2018 yazında yaşanan kur şokuyla büyük bir krize giren enerjide de geri ödenemeyen kredi borçları şalterleri zorlamaya başladı. Enerji sektöründeki toplam kredi stoğu bankaların en önemli stres kaynaklarından biri haline gelirken, takipteki krediler dışında milyarlarca dolarlık kredi için de yeniden yapılandırmaya gidildi.
2 YILDA KATLANARAK ARTTI
2017 sonunda 637 milyon TL olan enerji sektöründeki (elektrik, gaz, su kaynakları üretim ve dağıtım sanayii) takipteki kredi miktarı, 2018 sonunda 6 milyar 322 milyon TL’ye yükseldi. Enerji sektöründe batık kredi hacmi 2019’da da hız kesmedi ve kasım itibarıyla 12 milyar 967 milyon TL’ye ulaştı. 11 aylık artış oranı yüzde 105 olurken, 2 yıllık artış oranı yüzde 1935 oldu. Ancak enerji sektörünün kredilerinin büyük kısmının döviz cinsinden olduğu biliniyor. Dolar cinsinden bakıldığında sektörün Türk bankalarındaki batık kredi hacmi 2017 sonunda 168.3 milyon dolar, 2018 sonunda 1 milyar 205 milyon dolar seviyesindeyken, kasım itibarıyla ise 2 milyar 266 milyon dolara çıktı.
Konkordatoların ardı arkası kesilmedi
Tüketicinin gıdadan hızlı tüketim ürünlerine, beyaz eşyadan hazır giyime kadar her alanda harcamalarını kısması, kâr sıkıntısı yaşayan ve konkordato sarmalına giren perakende sektöründe batıkların artmasına yol açtı. Son 1.5 yılda 18 perakende markası konkordato ilan ederken, irili ufaklı birçok dükkan da kapandı. Toptan ve perakende ticaret sektörlerine kullandırılan 25 milyar liralık kredi hukuki takipte.
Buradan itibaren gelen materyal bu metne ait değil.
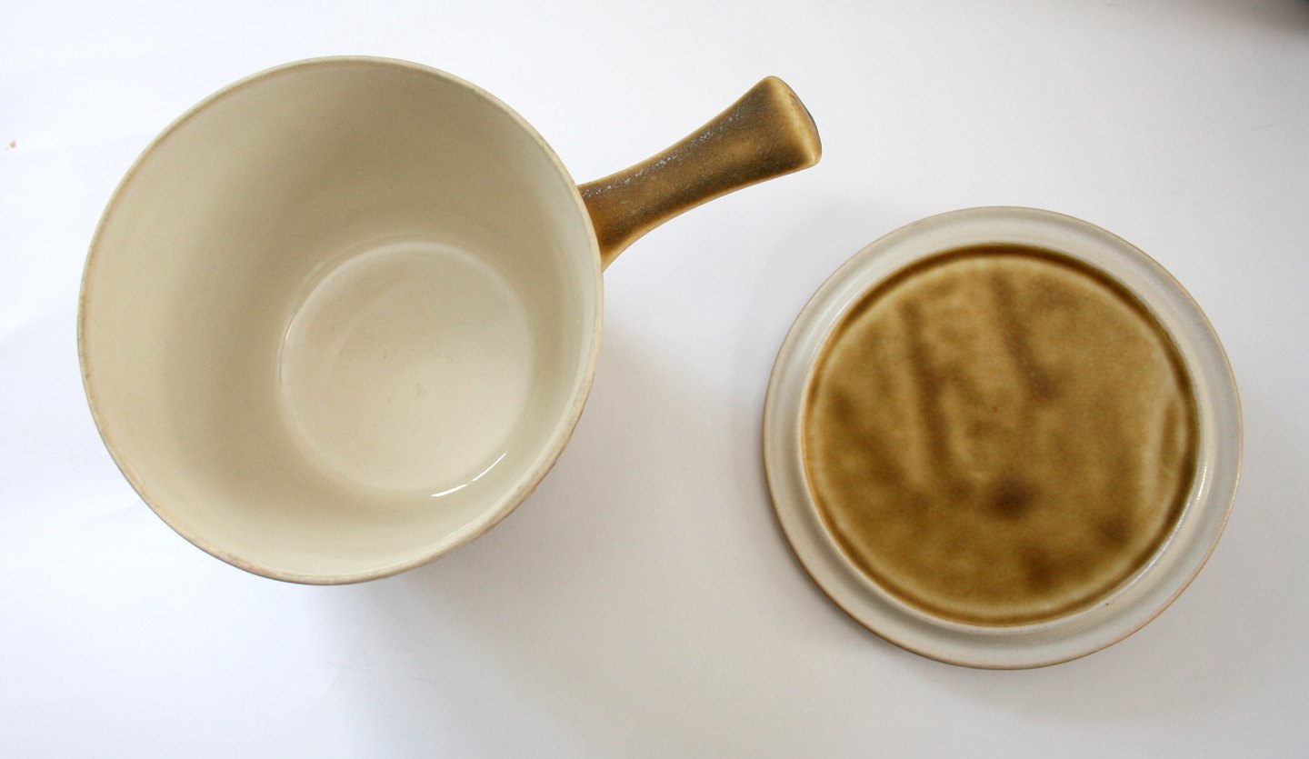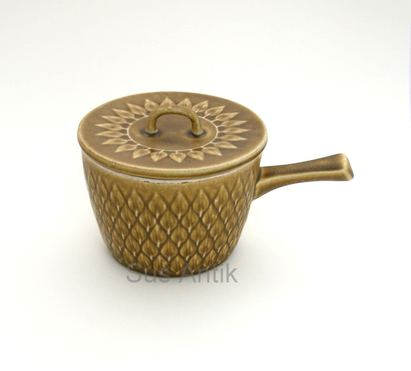 Kronjyden, Relief designet af Jens H Quistgaard 1958. Kasserolle med låg og hank. Højde 10 cm. Diameter 14 cm. Pris: SOLGT

Girdi maliyetlerinin artmasıyla zor günler geçiren çiftçiler de borçlarını çevirmekte zorlanıyor. Tarım kredilerinde batık tutarı 11 ayda yüzde 36 artarak 3.7 milyar TL’ye ulaştı. Ekonomideki fırtınanın en çok zarar verdiği inşaat sektöründe de hukuki işlem başlatılarak takibe alınan kredi hacmi 12.4 milyar liradan 20.4 milyar liraya çıktı. İyi bir yıl geçiren turizm sektöründe ise takipteki kredi miktarı 3.8 milyar TL’den 6.2 milyar TL’ye yükseldi.